Art Therapy and Migraine

Art and Migraine: An Interview with Amanda Ingrassia

Art and Migraine: An Interview with Amanda Ingrassia

I’m back with another MSW art therapy for chronic illness interview. Today’s interview showcases artist Amanda Ingrassia and how she uses art therapy for chronic migraine.

Amanda Ingrassia is an advocate in the chronic illness community. She is best known for her work in the Chronic Migraine community, being the founder and Editor in Chief of My Chronic Brain, a magazine devoted to helping Chronic Migraine patients live their extraordinary lives.
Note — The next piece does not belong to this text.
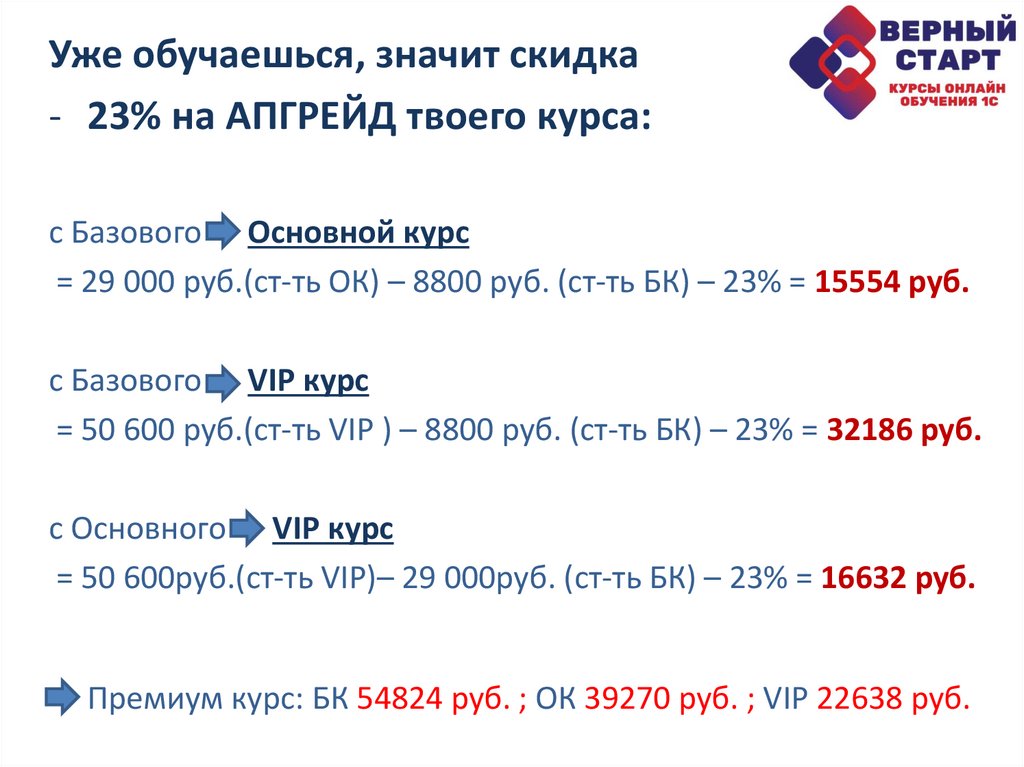 Уже обучаешься, значит скидка- 23% на АПГРЕЙД твоего курса:

Amanda, also known as Mia, lives in the southern US with her service dog Genius, and a random chicken that showed up in her backyard one day.
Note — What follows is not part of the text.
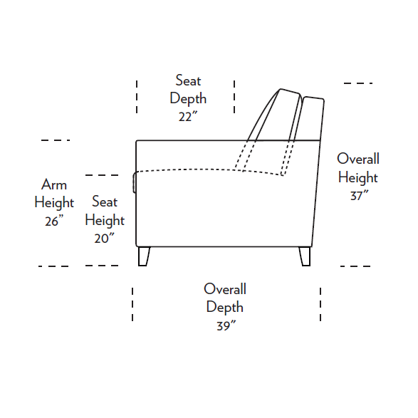 Harris brings an elegance to any space. The stunning, shapely wood leg mirrors the slight curve of the inside of the arm, creating a soft, tailored look.

Readers, note that I am using purple to outline my questions which is the color of awareness for migraine disease and headache disorders.

Amanda, thank you so much for joining our series of chronically ill artists. I’m so glad we connected over Twitter and I’m really excited to showcase your art therapy coping skills for our readers today. Let’s get started!

MSW: Can you tell us a little about yourself? When did you first become interested in art?

AI: Hi! I’m Amanda Ingrassia. I became interested in art in my early 20s. I had a lot of emotions I wasn’t sure how to work through. I discovered art gave me an outlet for things I didn’t have words for. 

MSW: Could you tell us a little about the projects you’re working on at the moment?

AI: Right now, I’m really into watercolor and digital arts such as working with Procreate on my iPad.

MSW: How do you use your art to help with chronic migraines?

AI: That’s a really good question! Stress can exacerbate Chronic Migraine, so I often use art to help focus my mind and reduce my stress. I’m on the extreme end of the Migraine spectrum, so I have attacks constantly. (Since 2005!)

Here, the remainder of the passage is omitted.